Last Friday, Robert Mueller let Donald Trump’s legal team know that they would accept responses on at least some questions in writing. Or rather someone on Donald Trump’s legal team says that Mueller is willing to allow some in-writing responses. Because Mueller doesn’t leak to the press, but for Trump, leaking is a critical part of his political strategy. So the accuracy of this information is possibly in question and certainly … strange.
According to the New York Times, Mueller is willing to address issues of conspiracy between the Russian government and Trump’s campaign through pen-and-ink. If so, that’s likely because the facts in question there are just that, facts—numbers, dates, incidents, emails, and texts that are not in doubt. What Mueller is likely to ask Trump on these points are details that confirm or deny things he already has documented.
Notably not on the list of things that Mueller is willing to let Rudy Giuliani, or someone with more sense of what’s acceptable, pencil in for Trump are questions concerning obstruction. The Times report states that “Mr. Mueller and his investigators understood that issues of executive privilege could complicate their pursuit of a presidential interview and did not ask for written responses on that matter.” Which makes it seems as if Mueller is following the insistence that Rudy Giuliani inserted in the last letter from Trump to the special counsel’s office that obstruction was off the table.

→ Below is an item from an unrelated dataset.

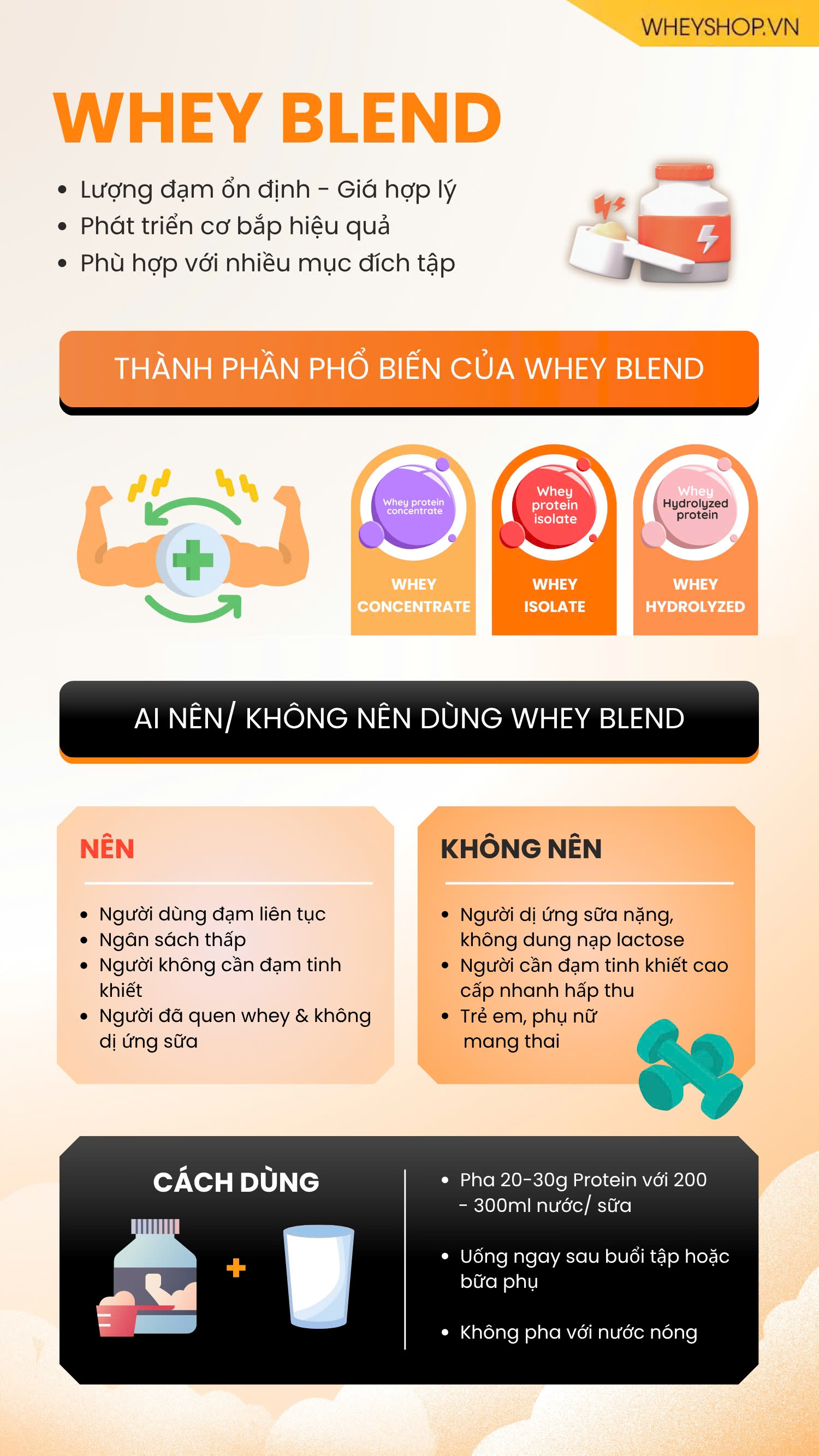 Nếu bạn muốn giá ổn – đạm tốt – uống không khó chịu → chọn Whey Blend

Only that makes no sense. Obstruction is the area more dependent on Trump’s intentions, and it seems highly likely that this is an area where Mueller would want one of his team to talk to Trump face to face. Trump’s feelings about the why behind some of his actions may well not be recorded on paper, or may only exist in the testimony of other people Mueller has already questioned. Taking obstruction out of the questioning doesn’t mean that Mueller is giving Trump a waiver in that area, but not pursuing questioning on this point would seem to be leaving a big gap in the record. Trump’s team either believes that Mueller is agreeing to leave off obstruction, or is hanging onto the claim that Mueller agreed to drop this subject so they can pretend to be outraged later.
With Mueller willing to let Trump’s brainy friends do some of his homework, and the scope of things he would need to address limited to an apparently very small set of issues, this would seem to suggest that the idea of Trump actually sitting down to talk remains a possibility. But it’s a very, very unlikely possibility.

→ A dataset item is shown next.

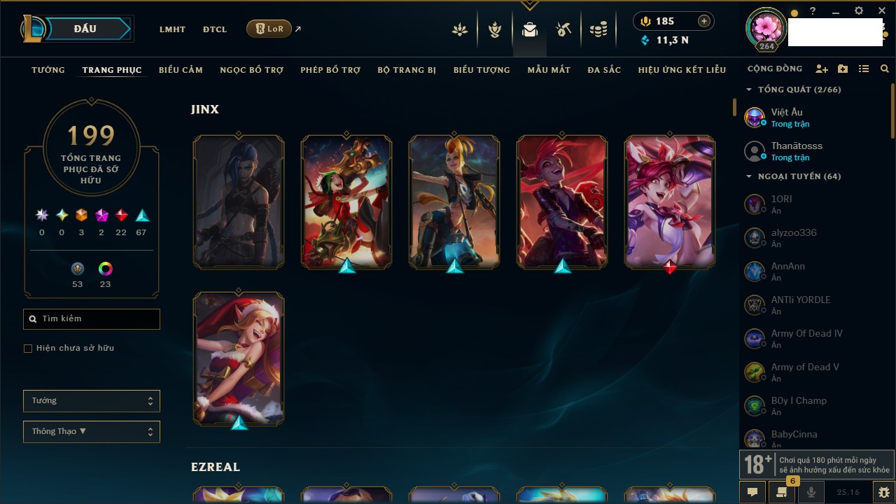 Rank Đơn: Vàng IIIKhung: VàngTướng: 172 - Còn 164704 THXTrang Phục: 255Rank ĐTCL: Kim Cương IVLinh Thú: 156

The idea that Trump “still wants to talk to Mueller” and that only Rudy and the rest of his legal team tugging full time on Trump’s leash keeps him from rushing into the special counsel’s office to have an unlimited, face-to-face shoutdown, is exactly the story they want out there. Just as the carefully shaped leaks of the letter from Mueller’s team are part of Trump’s strategy to make it seem that Mueller is whittling down the range of items under concern, Trump’s “eagerness” to talk to Mueller is a PR line that keeps getting tossed out there.

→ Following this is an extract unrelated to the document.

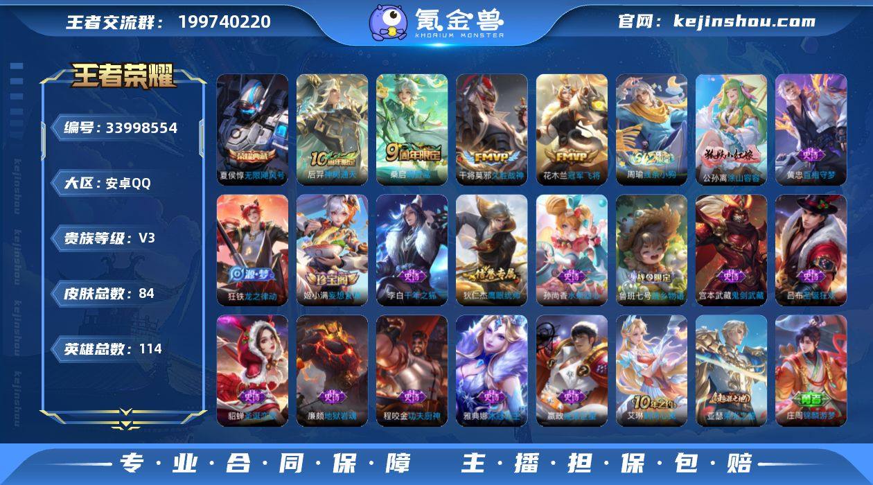 安卓Q-V3-永恒钻石III段位-114英雄-84皮肤-1典藏皮肤-4传说-15史诗 【荣耀典藏】:夏侯惇无限飓风号 【传说皮肤】:后羿神树通天,桑启鸣野蒿,干将莫邪久胜战神,花木兰冠军飞将 【限定皮肤】:姜子牙天穹之誓,狄仁杰阴阳师,达摩沙漠行僧,沈梦溪大漠名商,鲁班大师探海日志,桑启海盐诗旅,张良古海寻踪,鬼谷子天穹祈灯,姬小满妄想食味,鲁班七号蔬乡物语,李元芳蔬乡物语,刘邦剑破天穹,程咬金群星魔术团,周瑜熔金海岸 【赛季限定】:达摩沙漠行僧,沈梦溪大漠名商,桑启海盐诗旅,鲁班大师探海日志,张良古海寻踪,鬼谷子天穹祈灯,刘邦剑破天穹,姜子牙天穹之誓,东皇太一噬灭天穹,太乙真人谧流熔炉,钟馗虚灵犬护,甄姬逆浪荇歌,亚瑟荣光之誓 【战令限定】:鲁班七号蔬乡物语,李元芳蔬乡物语,周瑜线条小狗 【史诗皮肤】:周瑜线条小狗,公孙离涂山容容,黄忠百相守梦,狂铁龙之律动,鲁班七号蔬乡物语,姬小满妄想食味,狄仁杰鹰眼统帅,程咬金功夫厨神,雅典娜冰冠公主,李白千年之狐,吕布圣诞狂欢,嬴政摇滚巨星,孙尚香水果甜心,宫本武藏鬼剑武藏,廉颇地狱岩魂,貂蝉圣诞恋歌 【其他皮肤】:艾琳鹤鸣心笺,亚瑟荣光之誓,莱西奥踏浪烽翎,庄周锦麟游梦...

He has nothing to hide. He’d love to talk to Mueller! Except he doesn’t. Because he does. Have something to hide, that is.
One of the snippets of Bob Woodward’s soon-to-be-released book tells the story of Donald Trump sitting down to a test session with his own legal team standing in for Mueller. As soon as Trump is asked something uncomfortable, he lies. When asked about something he doesn’t know, he makes stuff up. And the whole session ends in anger, with both Trump and his lawyers rightly confirming that this is not something that’s going to happen. Donald Trump can’t get through an order at the McDonald’s drive-through without lying about his order when he gets to the window. He is never going to talk to Robert Mueller unless he feels that his strategy requires that he talk to Robert Mueller.
And it might. Giuliani has already been extremely open about the tactics that Trump intends to use going forward: Keep hammering Mueller in hopes of reducing his credibility, oust Jefferson Sessions to put the investigation into the hands of someone who can sharply limit its scope or end it altogether, then fight the release of any final report under claims of executive privilege.
Agreeing to talk to Mueller behind closed doors might be an acceptable risk, if Trump feels like he needs to put on a show of cooperation, and if that show is going to end with any result of the testimony locked in a safe under the foundations of the new Trump Tower Moscow. But the odds are it simply won’t happen. Trump’s team will continue to shoot back to Mueller conditions that no investigator or prosecuting attorney would accept. And they’ll continue to leak reports to the Times and elsewhere about all the “difficult negotiations” they’re going through, when they actually have no intention of finding a solution.